Lines from the one with "An opal white" up to and including the one with "商品と共にSŌYAオンライン" are to be copied exactly from the records below, without their pictures.

++++ Supplied records ++++

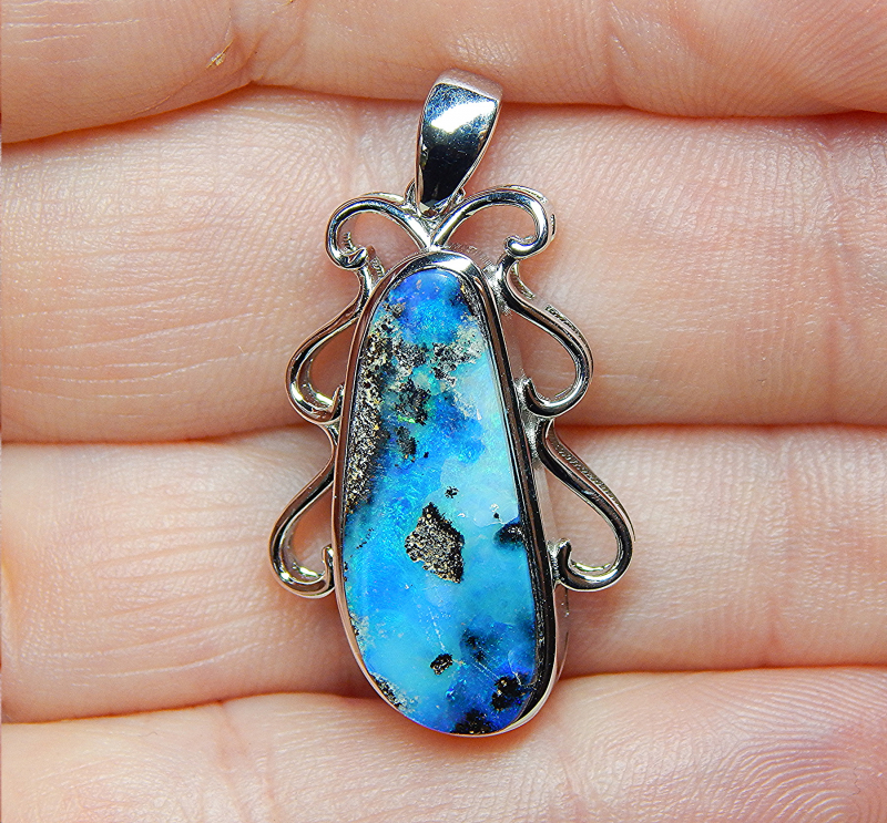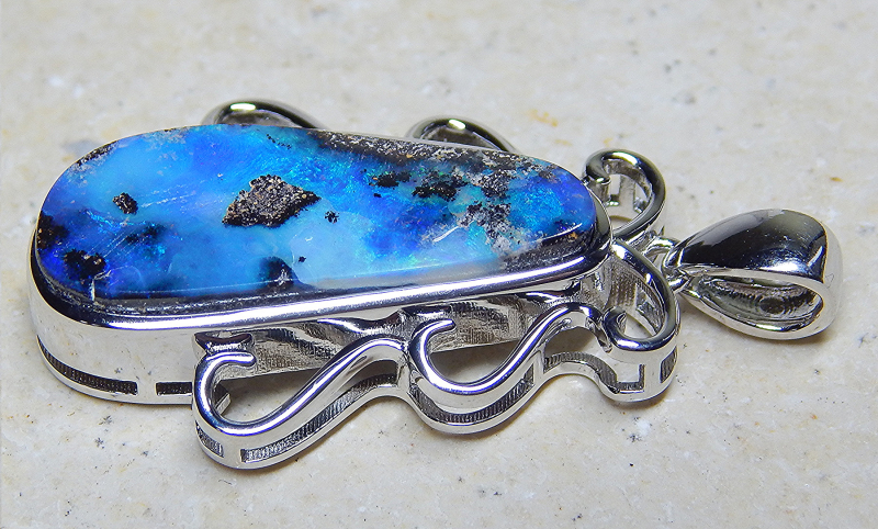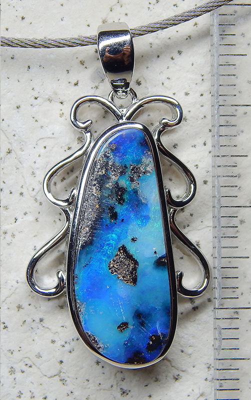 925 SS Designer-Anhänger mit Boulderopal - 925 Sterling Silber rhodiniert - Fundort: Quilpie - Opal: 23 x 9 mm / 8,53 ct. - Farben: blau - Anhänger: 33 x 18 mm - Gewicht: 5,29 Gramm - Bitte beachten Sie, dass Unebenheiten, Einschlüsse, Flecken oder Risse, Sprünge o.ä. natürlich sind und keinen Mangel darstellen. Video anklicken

++++
++++ Supplied records ++++

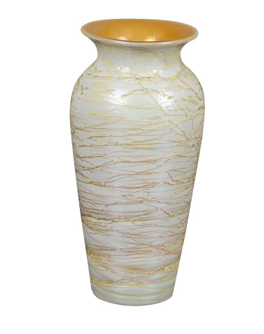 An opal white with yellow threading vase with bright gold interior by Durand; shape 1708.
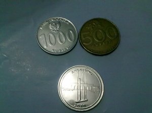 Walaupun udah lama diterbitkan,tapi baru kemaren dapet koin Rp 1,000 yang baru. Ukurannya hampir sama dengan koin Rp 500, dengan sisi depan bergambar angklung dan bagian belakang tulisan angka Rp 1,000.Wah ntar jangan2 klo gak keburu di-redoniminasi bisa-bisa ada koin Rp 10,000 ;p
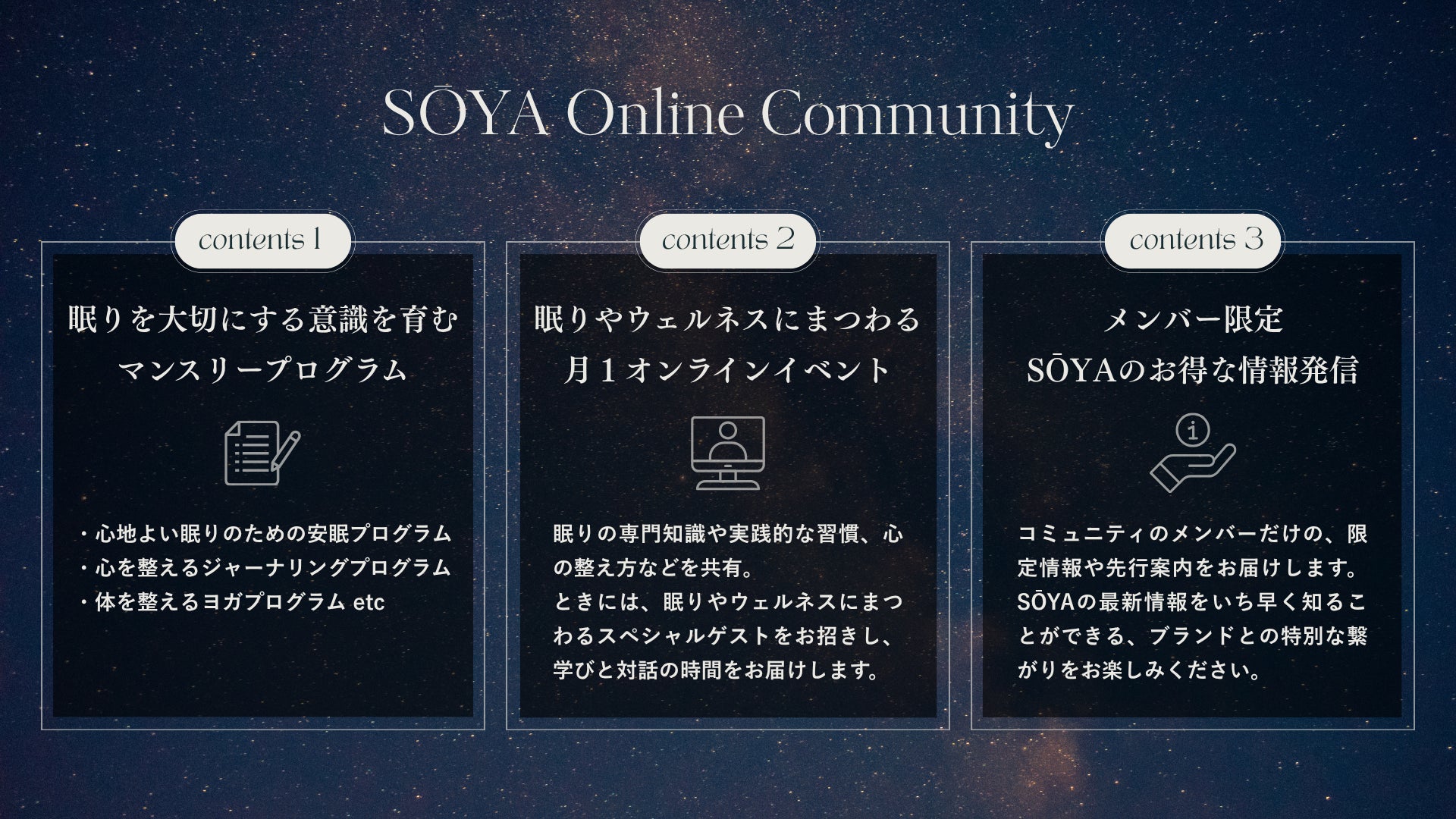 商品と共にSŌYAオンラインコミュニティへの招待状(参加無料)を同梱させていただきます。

++++

### Output for this task
 An opal white with yellow threading vase with bright gold interior by Durand; shape 1708.
 Walaupun udah lama diterbitkan,tapi baru kemaren dapet koin Rp 1,000 yang baru. Ukurannya hampir sama dengan koin Rp 500, dengan sisi depan bergambar angklung dan bagian belakang tulisan angka Rp 1,000.Wah ntar jangan2 klo gak keburu di-redoniminasi bisa-bisa ada koin Rp 10,000 ;p
 商品と共にSŌYAオンラインコミュニティへの招待状(参加無料)を同梱させていただきます。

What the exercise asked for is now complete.